Problem requirements: Type out the whole listing again exactly, pictures omitted.
==*==
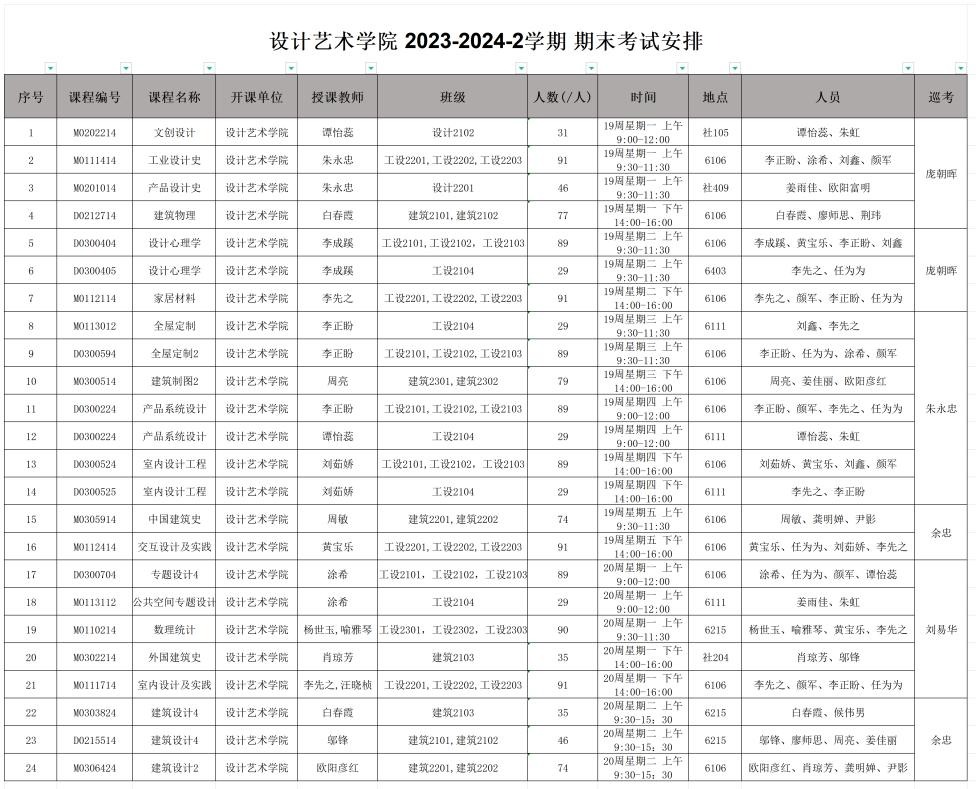 设计艺术学院 2023-2024-2学期 期末考试安排
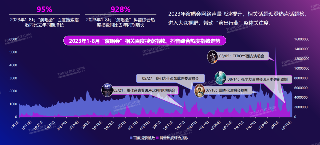 根据公开数据统计,2023年1-8月「演唱会」百度搜索指数同比去年同期增长95%,抖音综合热度指数同比去年同期增长928%,相关话题频登各大平台热点话题榜,带动“演出行业”整体关注度。
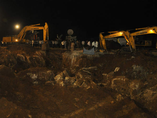 बच्चे को बचाने के लिये बगल में बड़ा गड्ढा खोदा जा रहा है।
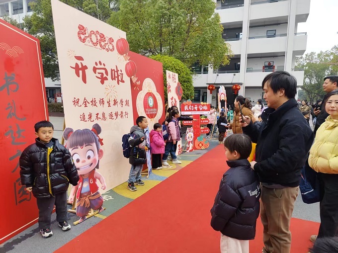 蛇年新春的校园里,处处洋溢着喜庆与欢乐。红毯铺就、展牌林立,学校充分挖掘“中国年”的各种元素,精心为孩子们准备了年味浓厚的开学迎新环境。瞧,孩子们簇拥着蛇年吉祥物,一张张笑脸比春日暖阳还要灿烂。这一张张合照,将成为孩子们童年记忆中最温暖的片段,陪伴他们开启蛇年的奇妙旅程。
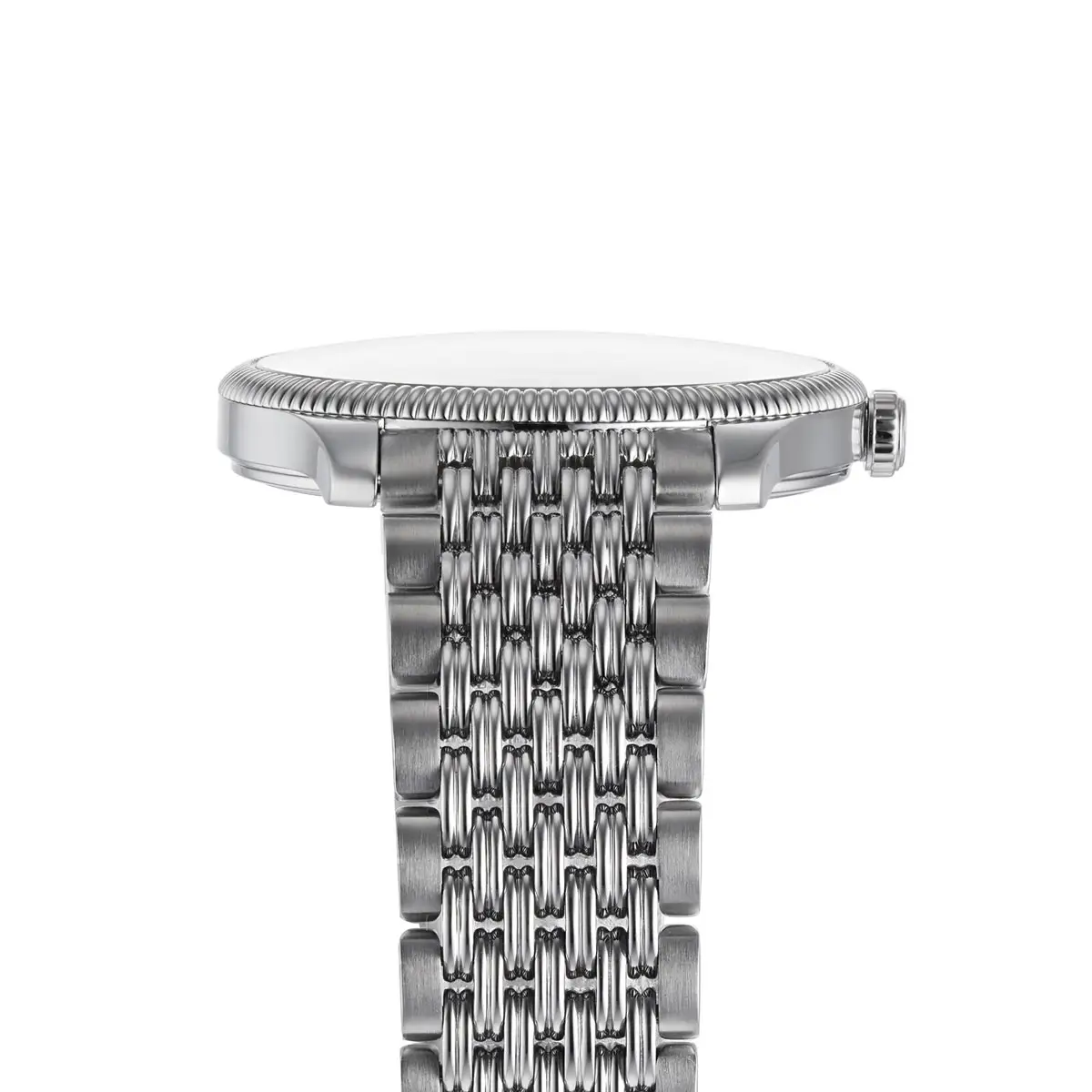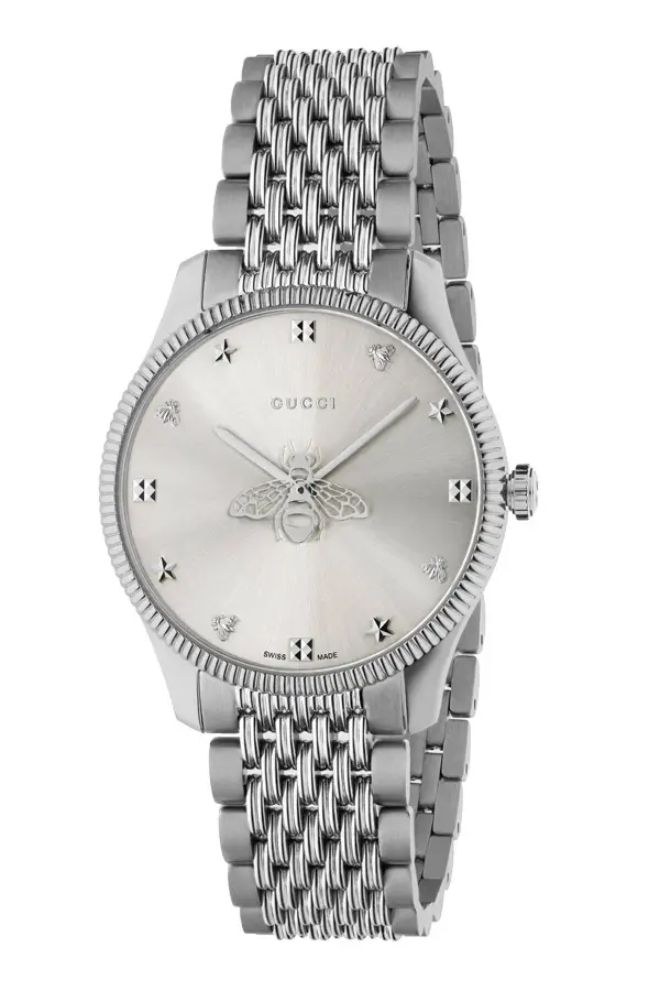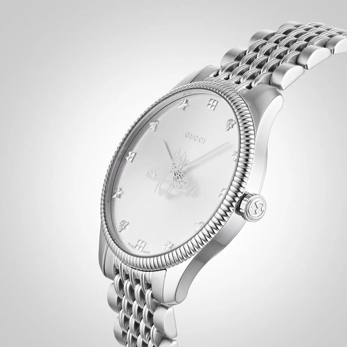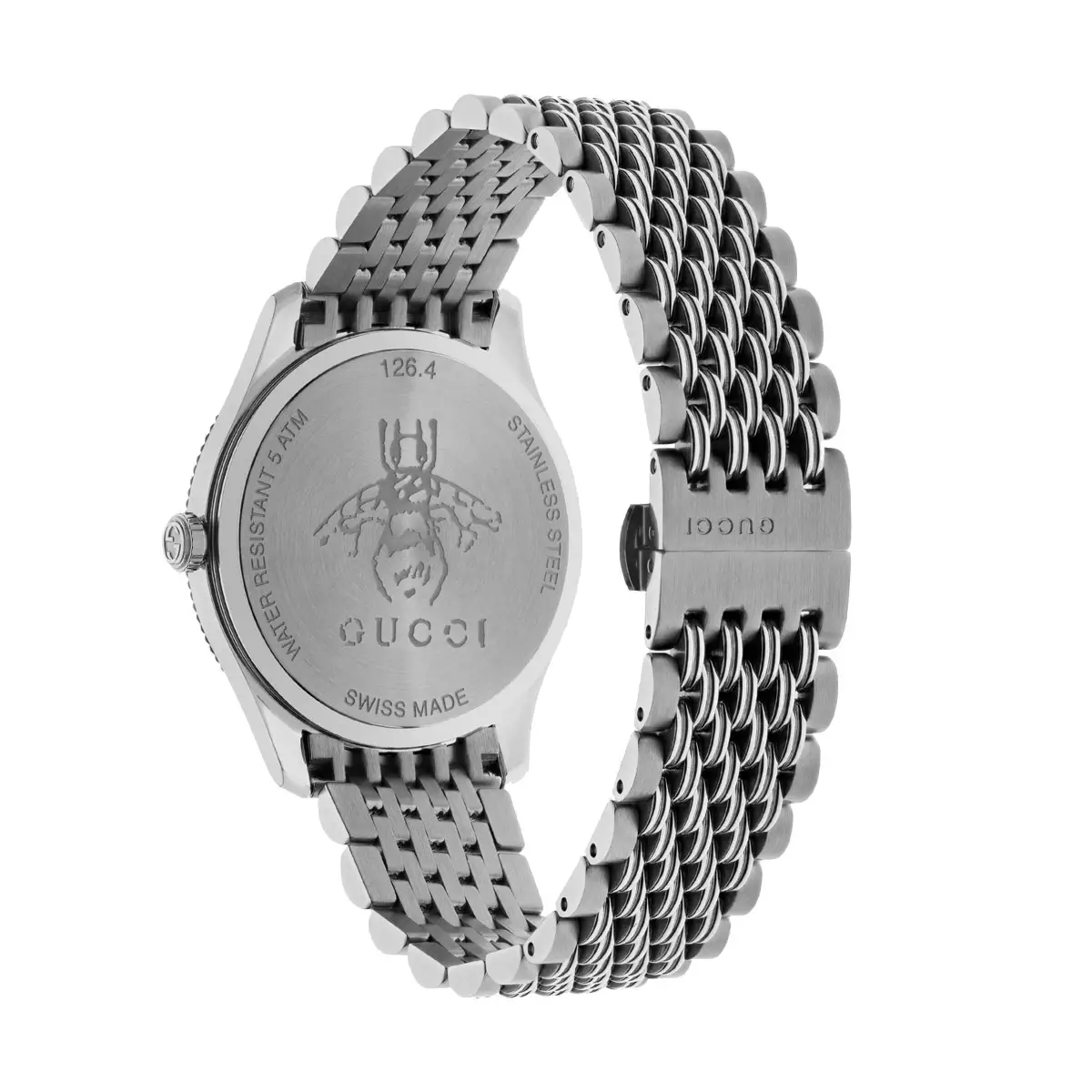 Gucci G-Timeless YA1264153 kết hợp thiết kế tinh gọn với dấu ấn đặc trưng của hãng. Trên cổ tay là vỏ tròn 36 mm bằng thép không gỉ, kính sapphire và vành bezel thép tinh gọn. Mặt số analog màu bạc cùng dây thép (tông bạc) kèm khóa gập tạo nên tổng thể nhỏ gọn, vượt thời gian cho mỗi ngày.
==*==
Answer space:
 设计艺术学院 2023-2024-2学期 期末考试安排
 根据公开数据统计,2023年1-8月「演唱会」百度搜索指数同比去年同期增长95%,抖音综合热度指数同比去年同期增长928%,相关话题频登各大平台热点话题榜,带动“演出行业”整体关注度。
 बच्चे को बचाने के लिये बगल में बड़ा गड्ढा खोदा जा रहा है।
 蛇年新春的校园里,处处洋溢着喜庆与欢乐。红毯铺就、展牌林立,学校充分挖掘“中国年”的各种元素,精心为孩子们准备了年味浓厚的开学迎新环境。瞧,孩子们簇拥着蛇年吉祥物,一张张笑脸比春日暖阳还要灿烂。这一张张合照,将成为孩子们童年记忆中最温暖的片段,陪伴他们开启蛇年的奇妙旅程。
 Gucci G-Timeless YA1264153 kết hợp thiết kế tinh gọn với dấu ấn đặc trưng của hãng. Trên cổ tay là vỏ tròn 36 mm bằng thép không gỉ, kính sapphire và vành bezel thép tinh gọn. Mặt số analog màu bạc cùng dây thép (tông bạc) kèm khóa gập tạo nên tổng thể nhỏ gọn, vượt thời gian cho mỗi ngày.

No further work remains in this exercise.